If you’ve ever taken a walk around the Mission District, you’ll often see tourists searching for the famed murals of the Mission, where narrow alley ways boast some of the city’s greatest public art.

But if you look a little further, you’ll find a different type of art covering the walls and sidewalks – mosaics.

In the late 90’s and early 00’s, Mission Graduates (then St. John’s Educational Threshold Center) began its own neighborhood beautification efforts through our Urban ArtWORKS program.  Students came together, with the help of artist Gary Carlos, to create a series of amazing mosaics that surround the Mission Graduates office.

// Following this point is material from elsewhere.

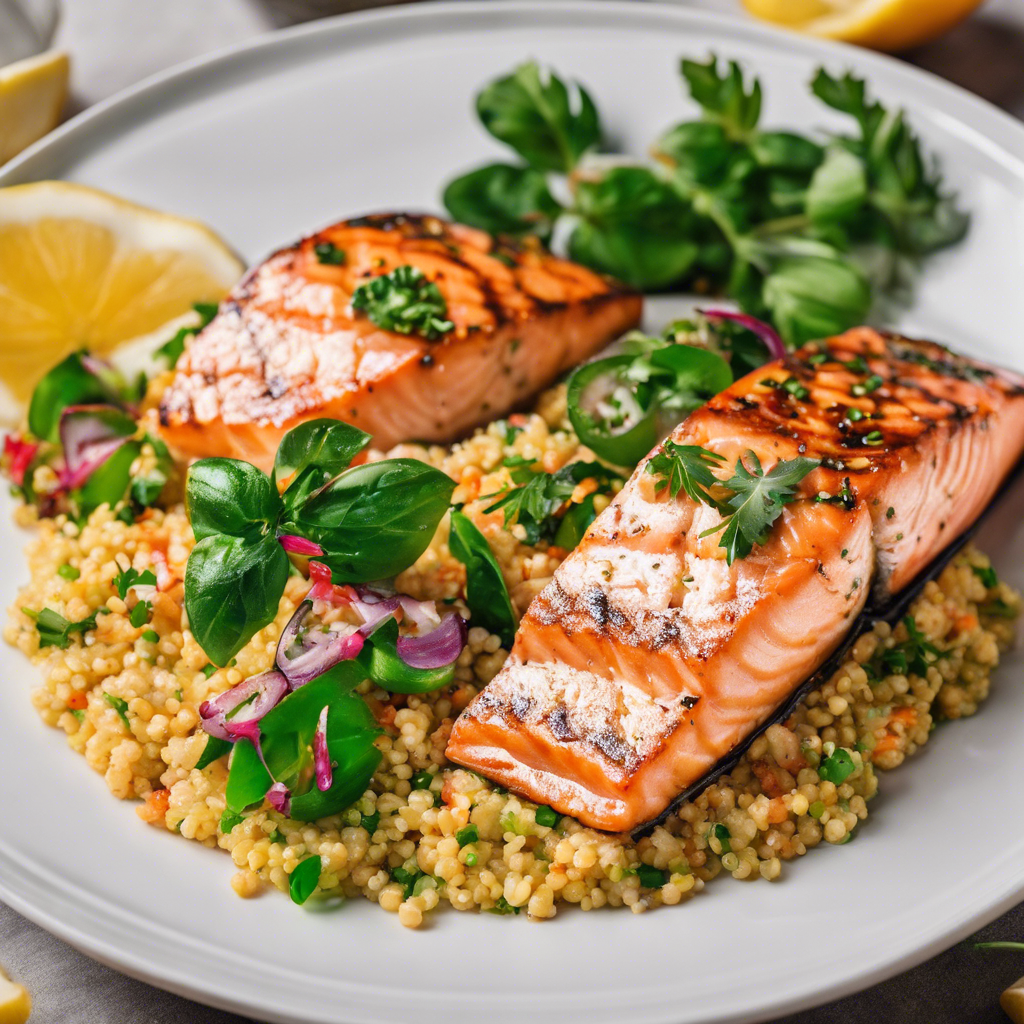 Grilled Salmon with Couscous Salad is a delightful dish that combines the rich, smoky flavor of grilled salmon with the light and refreshing taste of couscous salad. This dish has its roots in Mediterranean cuisine, where fresh seafood and vibrant salads are a staple. Renowned chefs like Yotam Ottolenghi have popularized this dish, infusing it with their own unique twists and flavors. The key to a perfect Grilled Salmon with Couscous Salad lies in the quality of the salmon, the seasoning, and the balance of flavors in the couscous salad. For the best version of this dish, head to coastal regions known for their fresh seafood, such as the Mediterranean or Pacific Northwest. The dish is best enjoyed during the summer months when the ingredients are at their peak freshness. Whether you're grilling the salmon to perfection or crafting the perfect couscous salad, attention to detail and fresh, high-quality ingredients are essential for a truly memorable dining experience.

As reported in the SF Gate on December 13, 2002:

BART patrons at San Francisco’s 16th Street station are greeted by a 40-foot-tall tile mosaic carrying a message from 250 neighborhood kids, their parents and other community members: Respect.
 
The piece, titled “Youth Rights,” was sponsored and paid for by BART and St. John’s Education Thresholds Center, a tutoring and after-school program in the Mission. High school students from the center, with the help of lead artist Gary Carlos and Urban Institute director Ali Vieira, made the tiles by hand, broke and cut them into shapes, fired and painted them, then mortared and grouted the piece. The process took more than seven months.
 
The mosaic has four themes: community, opportunity, power and rights and respect. Symbols such as stars, people, birds and keys tie the themes into a single vision.

These amazing pieces of art still decorates the streets of San Francisco.  We invite you to come take a walk around this Mission with us and experience our history yourself!